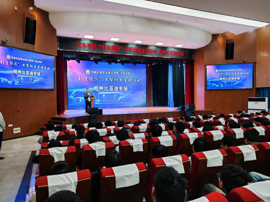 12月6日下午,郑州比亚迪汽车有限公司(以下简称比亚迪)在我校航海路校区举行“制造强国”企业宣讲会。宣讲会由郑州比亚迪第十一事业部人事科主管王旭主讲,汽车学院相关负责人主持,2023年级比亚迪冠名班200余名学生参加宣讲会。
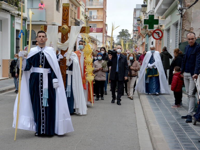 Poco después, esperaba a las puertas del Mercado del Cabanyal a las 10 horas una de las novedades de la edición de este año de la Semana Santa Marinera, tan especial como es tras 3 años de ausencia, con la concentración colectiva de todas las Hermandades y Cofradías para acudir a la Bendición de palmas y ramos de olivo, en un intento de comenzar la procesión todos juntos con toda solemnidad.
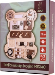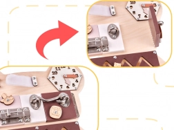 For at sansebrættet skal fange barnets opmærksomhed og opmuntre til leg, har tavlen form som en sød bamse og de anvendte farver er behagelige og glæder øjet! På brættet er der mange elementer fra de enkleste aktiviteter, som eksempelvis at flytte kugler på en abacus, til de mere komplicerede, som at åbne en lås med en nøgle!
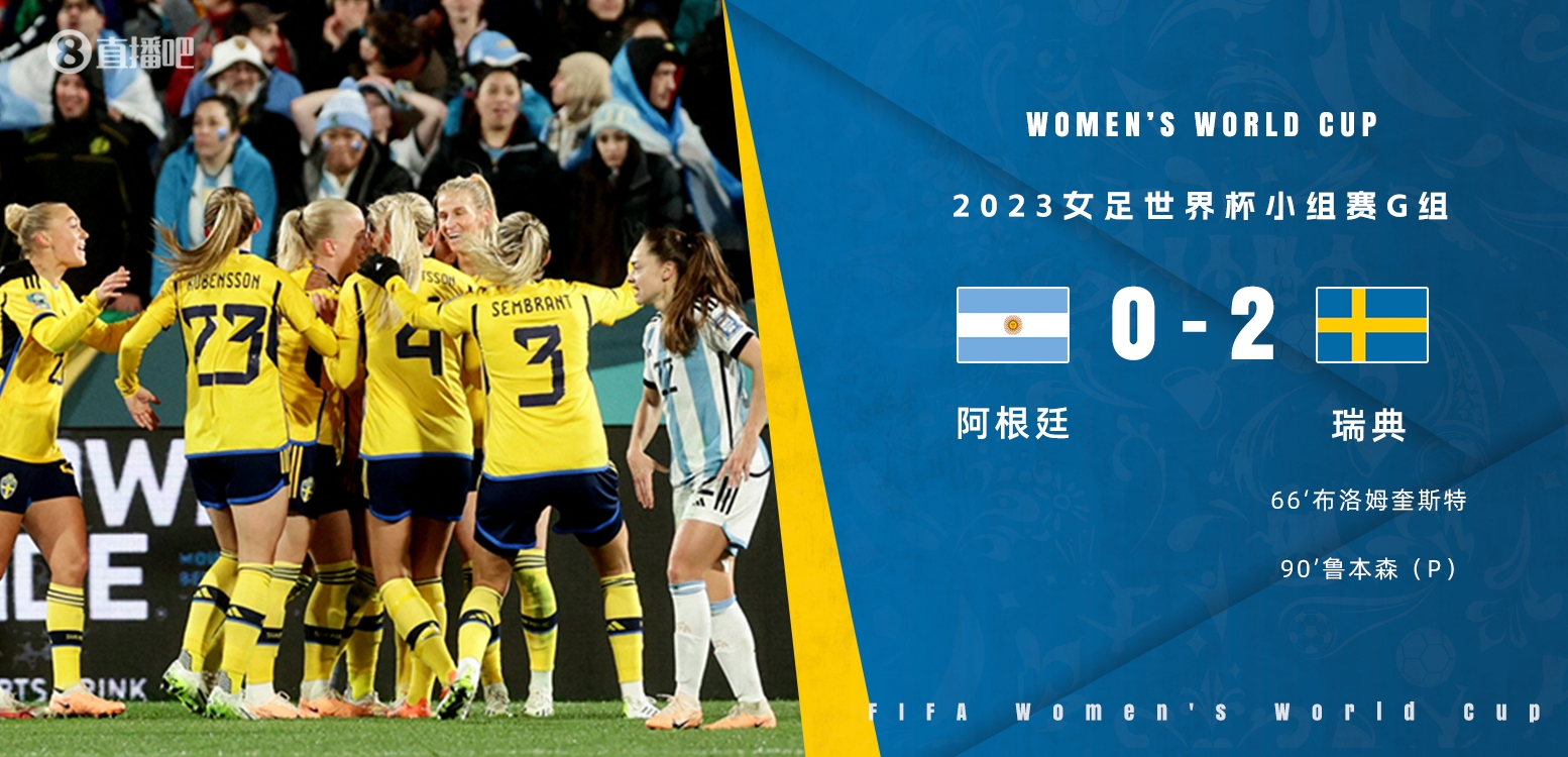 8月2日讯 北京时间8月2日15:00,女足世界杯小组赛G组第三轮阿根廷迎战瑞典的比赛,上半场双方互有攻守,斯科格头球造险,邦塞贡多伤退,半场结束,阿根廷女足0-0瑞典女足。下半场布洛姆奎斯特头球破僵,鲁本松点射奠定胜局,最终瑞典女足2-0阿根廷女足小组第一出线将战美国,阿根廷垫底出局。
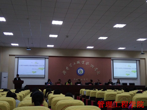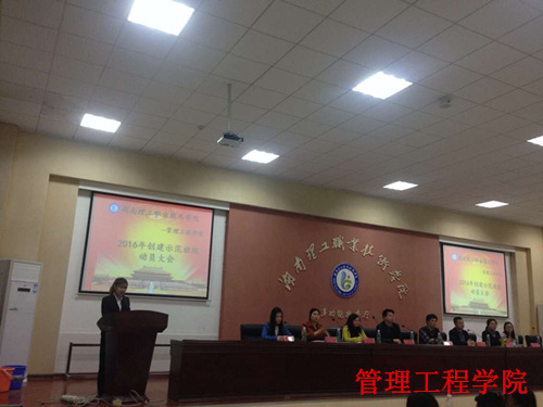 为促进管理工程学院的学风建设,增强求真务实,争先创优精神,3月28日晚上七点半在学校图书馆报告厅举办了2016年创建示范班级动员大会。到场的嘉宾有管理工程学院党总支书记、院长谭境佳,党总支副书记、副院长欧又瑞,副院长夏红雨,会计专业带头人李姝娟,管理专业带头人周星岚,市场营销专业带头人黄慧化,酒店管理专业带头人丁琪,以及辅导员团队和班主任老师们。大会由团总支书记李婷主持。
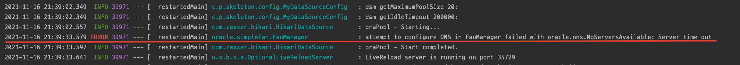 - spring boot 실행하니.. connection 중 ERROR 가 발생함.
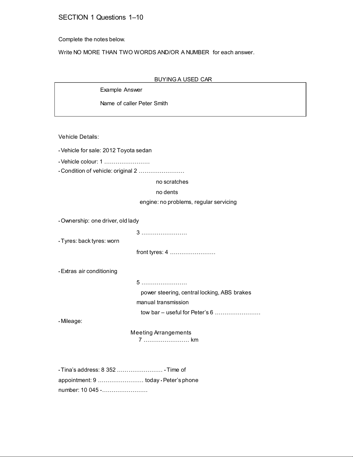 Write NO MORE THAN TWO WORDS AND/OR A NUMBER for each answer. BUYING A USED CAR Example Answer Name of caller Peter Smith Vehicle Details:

------------------------------------------------

* _Exercise_: Give again, exactly, the lines starting at the first entry above and ending at the line with "为促进管理工程学院的学风建设"; please leave pictures out.

* _Written answer_:
 12月6日下午,郑州比亚迪汽车有限公司(以下简称比亚迪)在我校航海路校区举行“制造强国”企业宣讲会。宣讲会由郑州比亚迪第十一事业部人事科主管王旭主讲,汽车学院相关负责人主持,2023年级比亚迪冠名班200余名学生参加宣讲会。
 Poco después, esperaba a las puertas del Mercado del Cabanyal a las 10 horas una de las novedades de la edición de este año de la Semana Santa Marinera, tan especial como es tras 3 años de ausencia, con la concentración colectiva de todas las Hermandades y Cofradías para acudir a la Bendición de palmas y ramos de olivo, en un intento de comenzar la procesión todos juntos con toda solemnidad.
 For at sansebrættet skal fange barnets opmærksomhed og opmuntre til leg, har tavlen form som en sød bamse og de anvendte farver er behagelige og glæder øjet! På brættet er der mange elementer fra de enkleste aktiviteter, som eksempelvis at flytte kugler på en abacus, til de mere komplicerede, som at åbne en lås med en nøgle!
 8月2日讯 北京时间8月2日15:00,女足世界杯小组赛G组第三轮阿根廷迎战瑞典的比赛,上半场双方互有攻守,斯科格头球造险,邦塞贡多伤退,半场结束,阿根廷女足0-0瑞典女足。下半场布洛姆奎斯特头球破僵,鲁本松点射奠定胜局,最终瑞典女足2-0阿根廷女足小组第一出线将战美国,阿根廷垫底出局。
 为促进管理工程学院的学风建设,增强求真务实,争先创优精神,3月28日晚上七点半在学校图书馆报告厅举办了2016年创建示范班级动员大会。到场的嘉宾有管理工程学院党总支书记、院长谭境佳,党总支副书记、副院长欧又瑞,副院长夏红雨,会计专业带头人李姝娟,管理专业带头人周星岚,市场营销专业带头人黄慧化,酒店管理专业带头人丁琪,以及辅导员团队和班主任老师们。大会由团总支书记李婷主持。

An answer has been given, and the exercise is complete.